10. Breeding dumbbells in an incline
This movement works out the back of the shoulders.
Take dumbbells, bend to parallel with the floor and spread your arms to the sides.
Peculiarities:
- Do not lift your shoulders up, they should be lowered to turn off the trapezius muscles from work.
- To increase the load on the posterior deltoid muscles, slightly rotate the hands with the little fingers up.
11. Extension of arms on the block for triceps
Stand next to the upper block, grab the handle with a straight grip, slightly push the body forward, do not round your back. It is important to fix the entire shoulder girdle so that only the forearms move during the exercise.
Peculiarities:
- You can shift the load to different triceps heads by changing the grip (the straight grip pumps the lateral head of the triceps, and the reverse grip the long one).
- The pull of the upper block with a rope handle allows you to spread your arms at the bottom point and turn your hands outward with your little fingers (this also allows you to better work out the long head of the triceps).
How long will this program last?
You can do this program for one to two months, and then either switch to splits to work harder on each muscle group, or continue to pump the whole body in one workout, but change the number of sets and reps in accordance with your goals.
If you like variety and the same exercises done day in and day out take away your interest and motivation, you can diversify your workouts with the movements below.

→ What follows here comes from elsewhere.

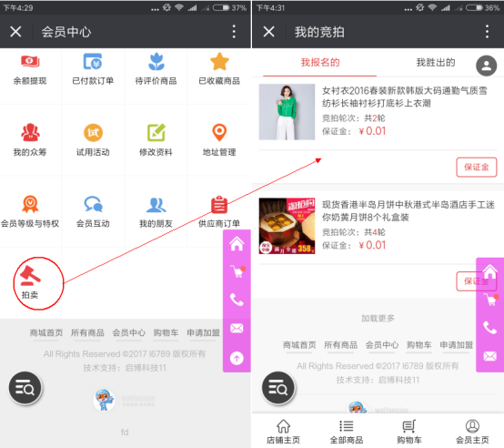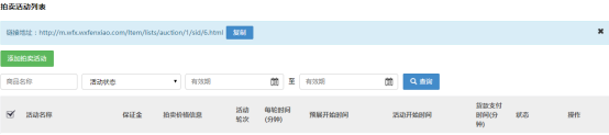 操作步驟: 總部后臺→營銷→吸粉營銷:設(shè)置“拍賣”的功能,會員交納保證金就可以參與拍賣,出價最高者可以獲得拍賣商品。 ① 添加拍賣活動: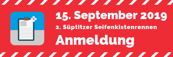 Es geht los. Wir nehmen ab heute bis zum 01. September 2019 eure Anmeldungen für das 2. Süptitzer Seifenkistenrennen entgegen.

How to diversify your workouts
Movement from the program | Replacement options |
Lifting the body on the press | Body lifts on a Roman chair, V-shaped body lifts |
Leg raises on the press | Raising the knees to the chest while hanging on the horizontal bar, raising the legs to the horizontal bar |
Squats | Barbell Back Lunges, Kettlebell or Dumbbell Sumo Squats |
Bench press | Breeding dumbbells lying down, push-ups, press on the Hammer simulator |
Deadlift | Leg curl on a lying machine, deadlift (deadlift on straight legs) |
Row of the upper block to the chest | Bent-over barbell row, bent-over dumbbell row, Bent-over T-bar row |
Standing chest press | Standing dumbbell press |
Lifting the bar for biceps | Lifting dumbbells for biceps |
Bent over dumbbell breeding | Breeding hands on the simulator ("reverse butterfly") |
Extension of the arms on the block for triceps | French bench / standing press, reverse dips with legs on a hill, push-ups on uneven bars |
How to cool down
After your workout, devote time to stretching all muscle groups. There is no scientific evidence that stretching reduces post-workout muscle pain, but it does:
- Increases the elasticity of muscles and connective tissue, which reduces the risk of injury during training and in everyday life.
- Partially removes restrictions that can prevent you from doing exercises with correct technique.